> What this task involves: An exact transcription of all the data is required, with every image removed.
*** Opening of Recorded information ***
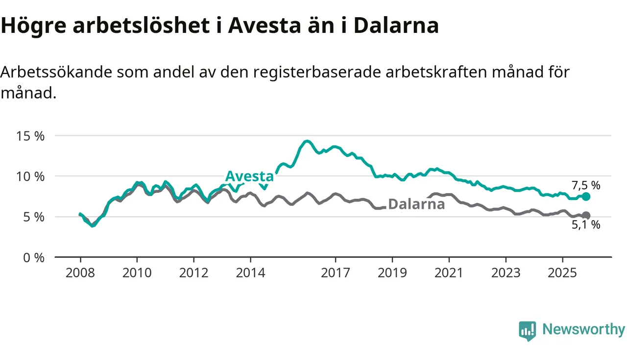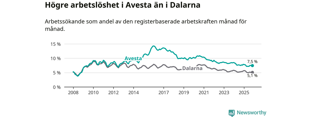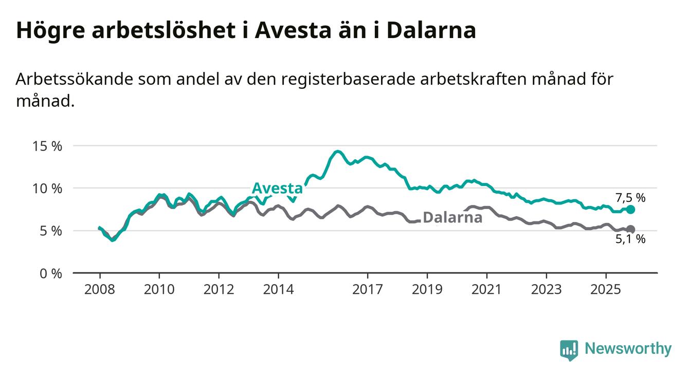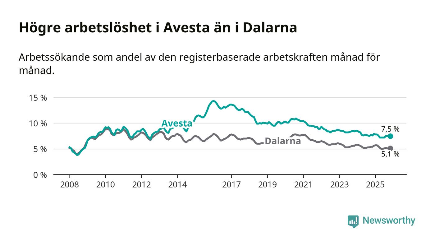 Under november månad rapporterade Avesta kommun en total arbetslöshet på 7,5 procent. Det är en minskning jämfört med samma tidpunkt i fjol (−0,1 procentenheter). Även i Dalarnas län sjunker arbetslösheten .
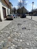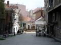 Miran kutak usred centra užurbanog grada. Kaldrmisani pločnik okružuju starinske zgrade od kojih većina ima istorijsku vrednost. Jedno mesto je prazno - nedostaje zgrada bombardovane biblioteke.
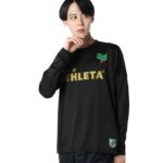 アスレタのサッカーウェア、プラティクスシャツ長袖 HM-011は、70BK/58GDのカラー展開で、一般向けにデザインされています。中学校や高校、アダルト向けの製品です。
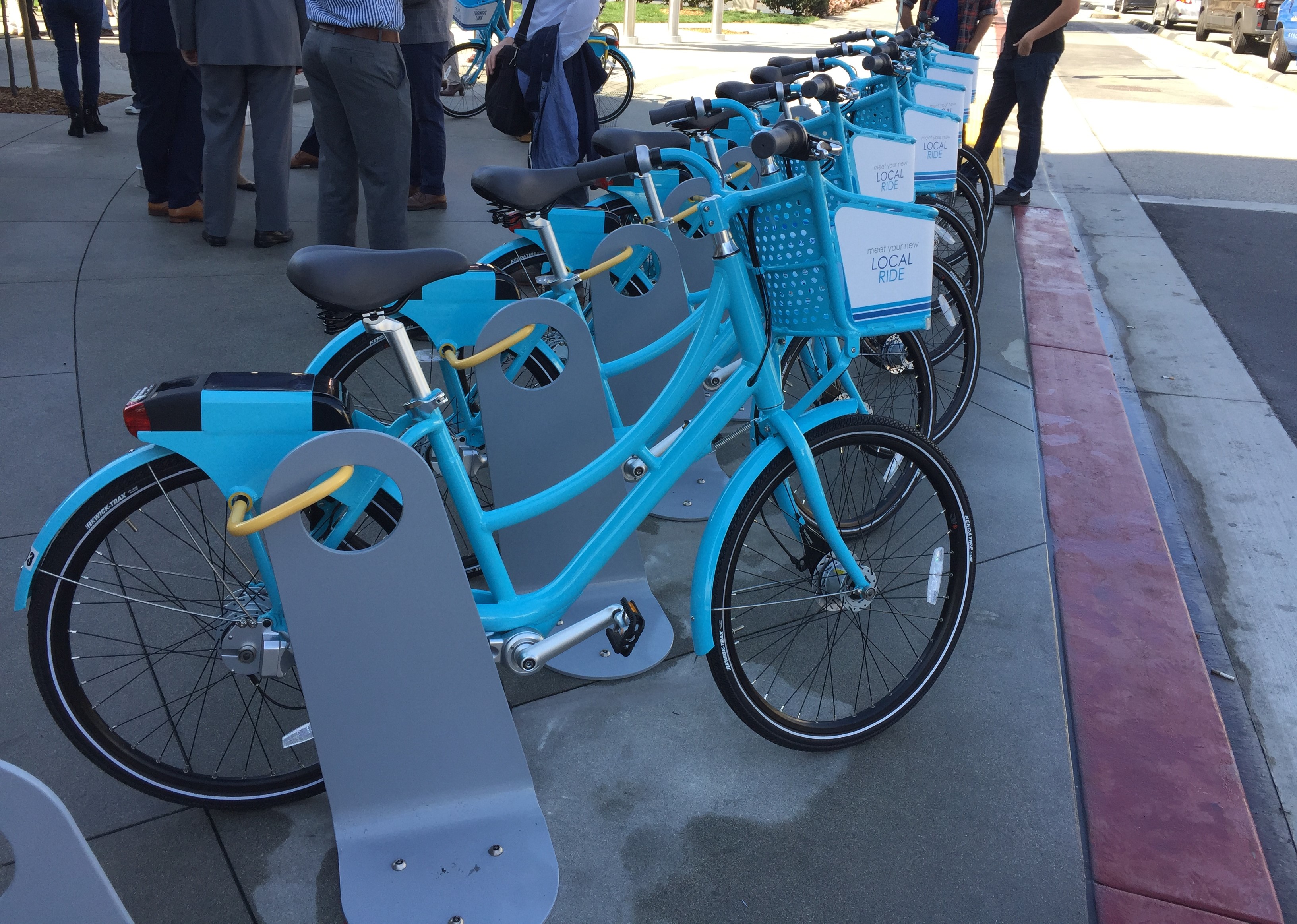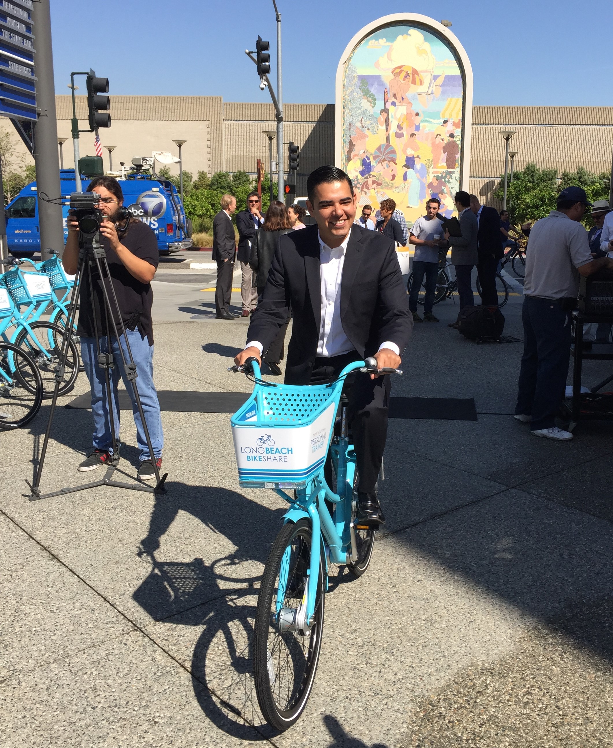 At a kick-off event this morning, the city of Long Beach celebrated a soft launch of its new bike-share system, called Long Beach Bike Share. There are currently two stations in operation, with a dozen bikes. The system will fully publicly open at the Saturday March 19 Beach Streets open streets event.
*** Close of Recorded information ***
> Response to the exercise:
 Under november månad rapporterade Avesta kommun en total arbetslöshet på 7,5 procent. Det är en minskning jämfört med samma tidpunkt i fjol (−0,1 procentenheter). Även i Dalarnas län sjunker arbetslösheten .
 Miran kutak usred centra užurbanog grada. Kaldrmisani pločnik okružuju starinske zgrade od kojih većina ima istorijsku vrednost. Jedno mesto je prazno - nedostaje zgrada bombardovane biblioteke.
 アスレタのサッカーウェア、プラティクスシャツ長袖 HM-011は、70BK/58GDのカラー展開で、一般向けにデザインされています。中学校や高校、アダルト向けの製品です。
 At a kick-off event this morning, the city of Long Beach celebrated a soft launch of its new bike-share system, called Long Beach Bike Share. There are currently two stations in operation, with a dozen bikes. The system will fully publicly open at the Saturday March 19 Beach Streets open streets event.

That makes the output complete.